Détection des défauts et l'usine virtuelle
Au-delà de la fabrication de base, TSMC déploie la plateforme Metropolis et la boîte à outils TAO de Nvidia pour l'inspection automatisée des défauts à l'aide de l'IA visuelle, améliorant la détection des défauts à l'échelle nanométrique tout en réduisant le besoin d'étiquetage répété et de ré-entraînement à mesure que les conditions de procédé évoluent. L'entreprise explore également les bibliothèques Omniverse de Nvidia pour construire FabTwin, un environnement d'usine virtuelle permettant d'évaluer les agencements d'outils de procédé et les flux de simulation avant la mise en œuvre physique — une évolution qui pourrait réduire les engagements en capital requis pour la construction de nouvelles usines.
Le coût de la mondialisation
Cette collaboration intervient alors que TSMC navigue dans une coûteuse expansion géographique. L'entreprise a porté ses dépenses d'investissement pour l'ensemble de l'année 2026 dans le haut de sa fourchette de 52 à 56 milliards de dollars, la construction d'usines à l'étranger en Arizona, au Japon et en Allemagne coûtant estimé 4 à 5 fois plus que des installations identiques à Taïwan. La direction de TSMC a indiqué que les expansions d'usines à l'étranger et le déploiement des nœuds de prochaine génération entraîneront une dilution de 2 % à 3 % des marges brutes à partir du second semestre 2026 et se poursuivant en 2027. Les gains d'efficacité issus de la fabrication optimisée par l'IA pourraient aider à compenser une partie de cette pression, bien que l'ampleur du vent contraire sur les marges soit significative par rapport aux marges brutes actuelles de TSMC.
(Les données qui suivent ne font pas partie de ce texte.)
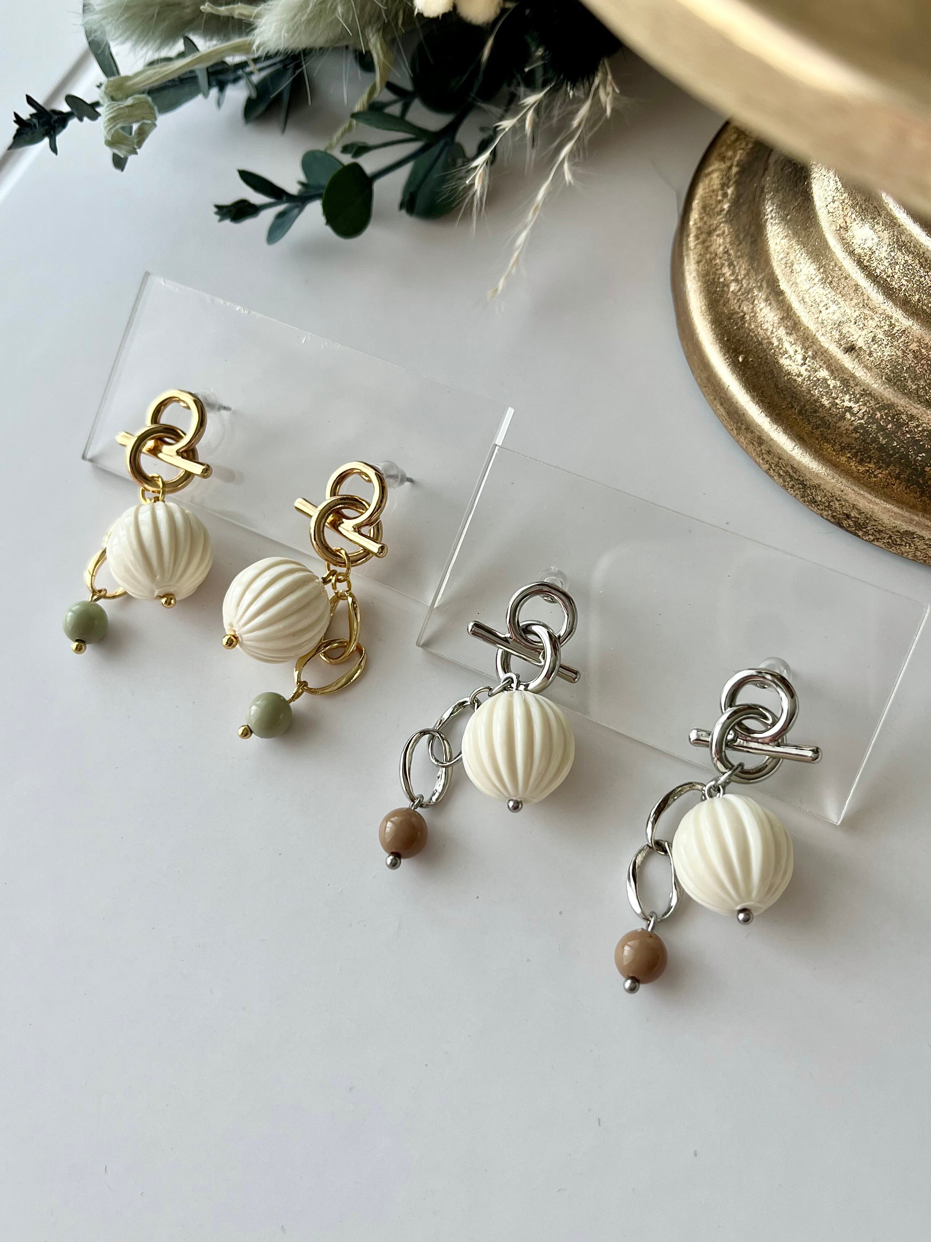 コロンと可愛いかぼちゃビーズに綺麗なチェーンを組み合わせました。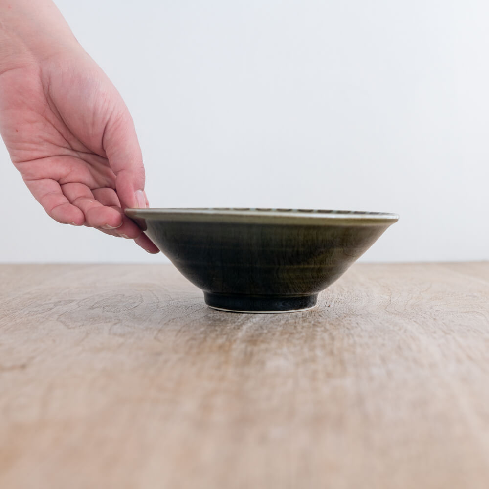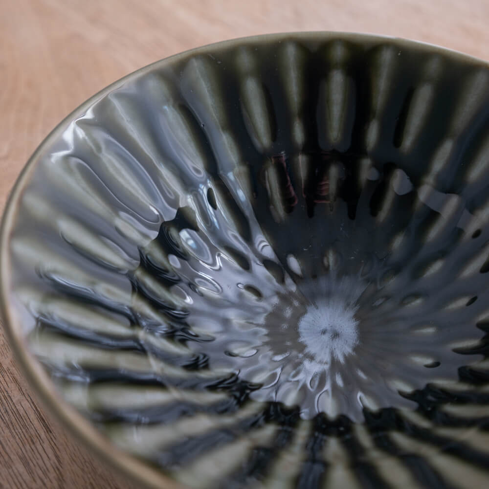 黒に近い深い色のなかに、オリーブグリーンの濃淡がやわらかく広がる深鉢。見込みに放射状の表情が入っていることで、料理を盛ったときにも余白が単調にならず、煮物やサラダ、麺もの、丼の取り鉢まで、いつもの一品を印象的に見せてくれます。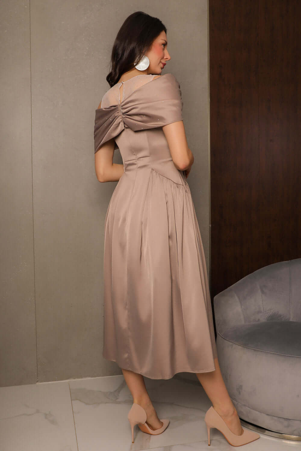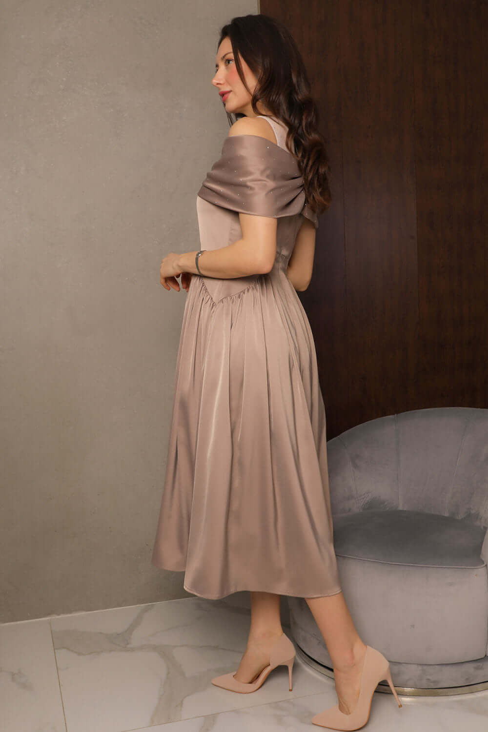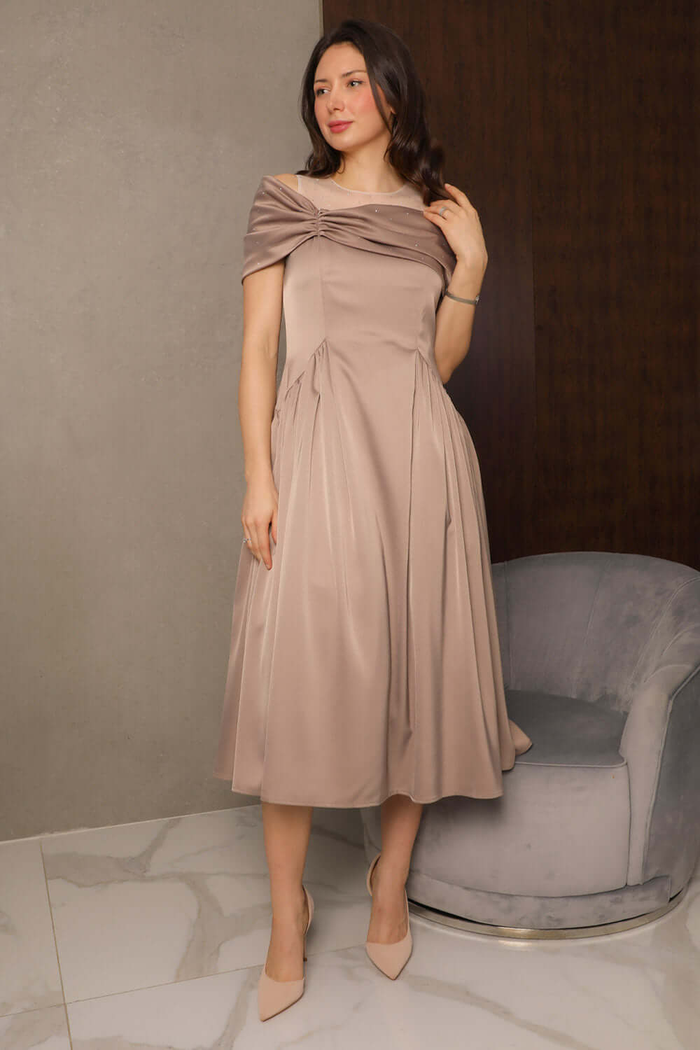 Material Satin crepe Design type Midi evening dress with pleats at the waist Story type Off-shoulder spring midi dress with a sheer halter neckline embellished with sequins and pleats at the waist occasion special occasions or parties waist narrow collar Off shoulder with sheer collar sleeves Book stretching Non-stretchable Care instructions Wash and iron with steam at a low temperature of 40 <!-- -->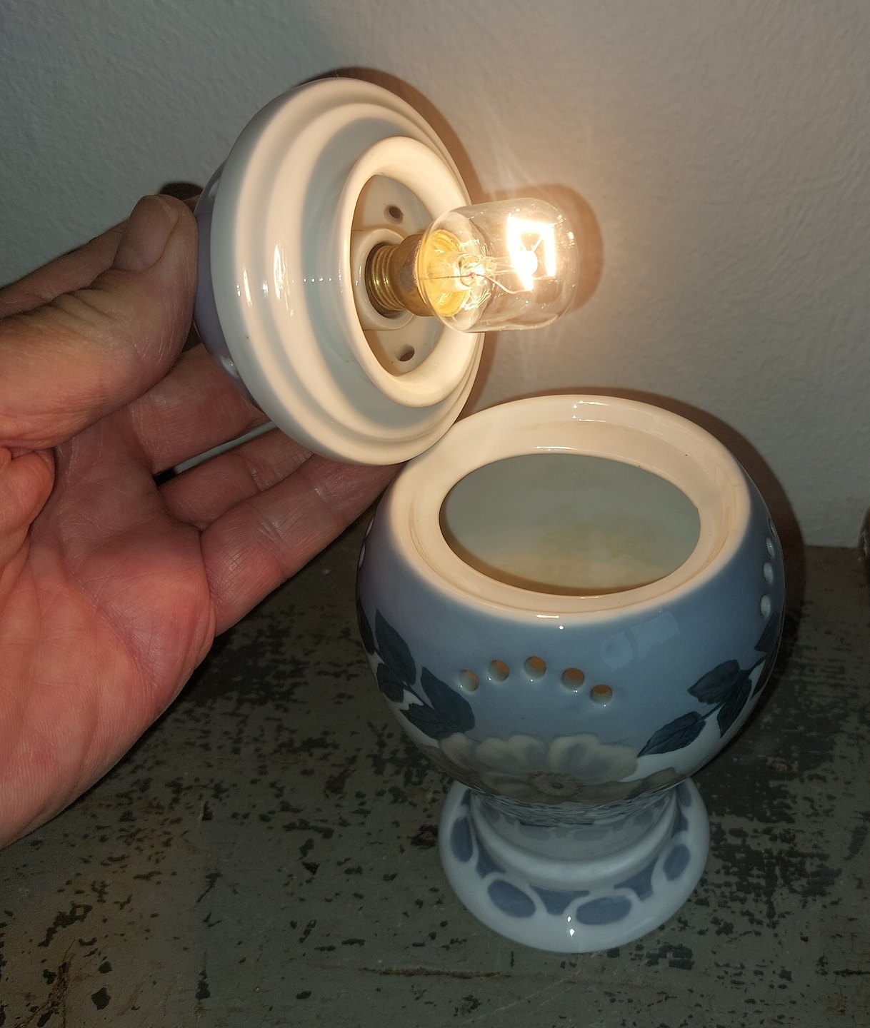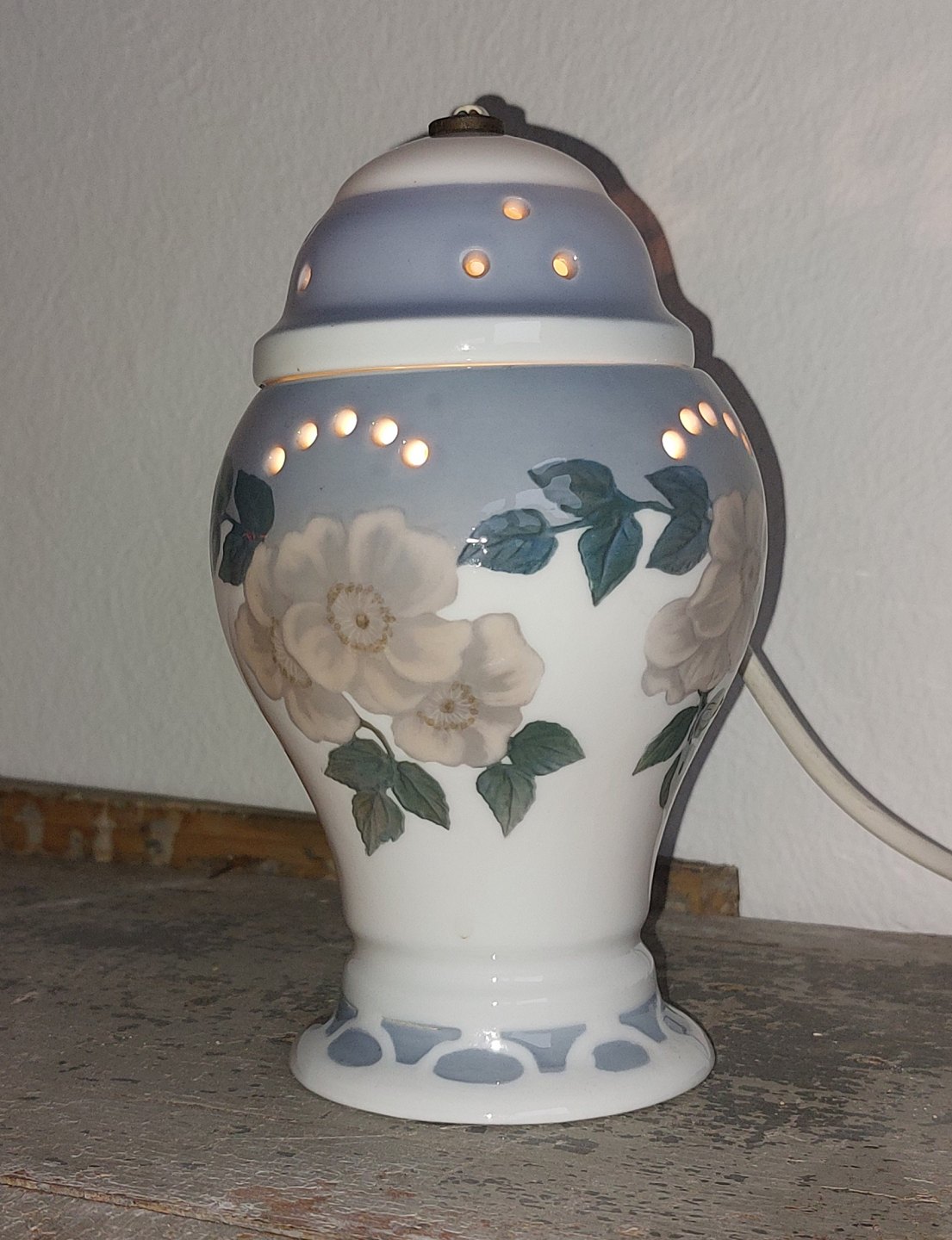 Ozon lampe i porcelæn fra Rosenthal fabrikken i Tyskland. Dekoreret med blomster. Fremstillet omkring 1930. I perfekt funktionel stand. Fabriksmærket på bunden. H. 17,5 cm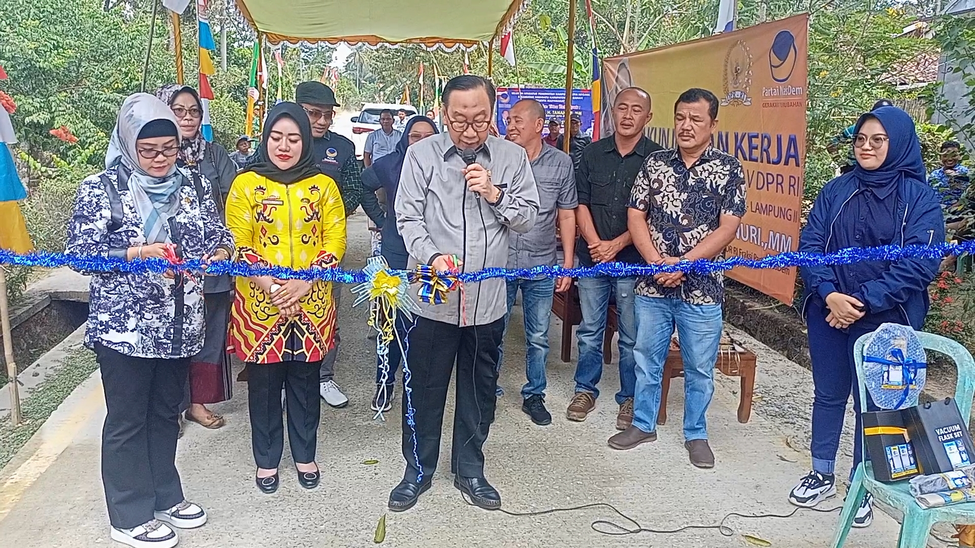WAYKANAN (RNSI) – Pembangunan infrastruktur jalan rabat beton yang menghubungkan Kampung Setianegara – Kampung Baktinegara, Kecamatan Baradatu, Kabupaten Waykanan, diresmikan anggota Komisi V DPR-RI Drs. Hi. Tamanuri, M.M., didampingi anggota Komisi IV DPRD Provinsi Lampung Ir. Mardiana, S.T., M.T.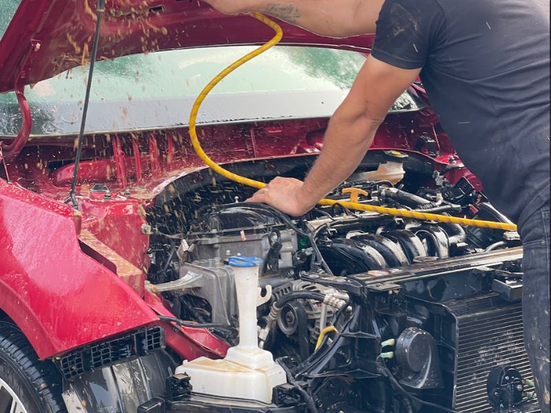 Khi bảo dưỡng ô tô sau mưa bão, bạn cần rửa xe sạch sẽ cả ngoại thất, gầm xe và khoang máy, đồng thời kiểm tra các bộ phận quan

Pour les investisseurs, cette collaboration renforce le fossé concurrentiel de Nvidia — son écosystème CUDA s'implante dans les flux de travail matériels industriels au-delà des centres de données, étendant son marché adressable aux équipements capitaux pour semi-conducteurs. Les actions Nvidia se négocient à environ 35 fois les bénéfices prévisionnels. TSMC, à 26 fois les bénéfices prévisionnels, offre une manière moins volatile de jouer la même tendance, bien que la dilution des marges due à l'expansion à l'étranger mérite une surveillance. Le bénéficiaire le plus large pourrait être la chaîne d'approvisionnement des équipements et de la mémoire pour semi-conducteurs, où les ETF à pondération égale comme l'Invesco Semiconductors ETF ont rapporté 105 % depuis le début de l'année alors que les dépenses IA s'élargissent au-delà des concepteurs de puces mégacapitalisations.
Cet article est fourni à titre d'information uniquement et ne constitue pas un conseil en investissement.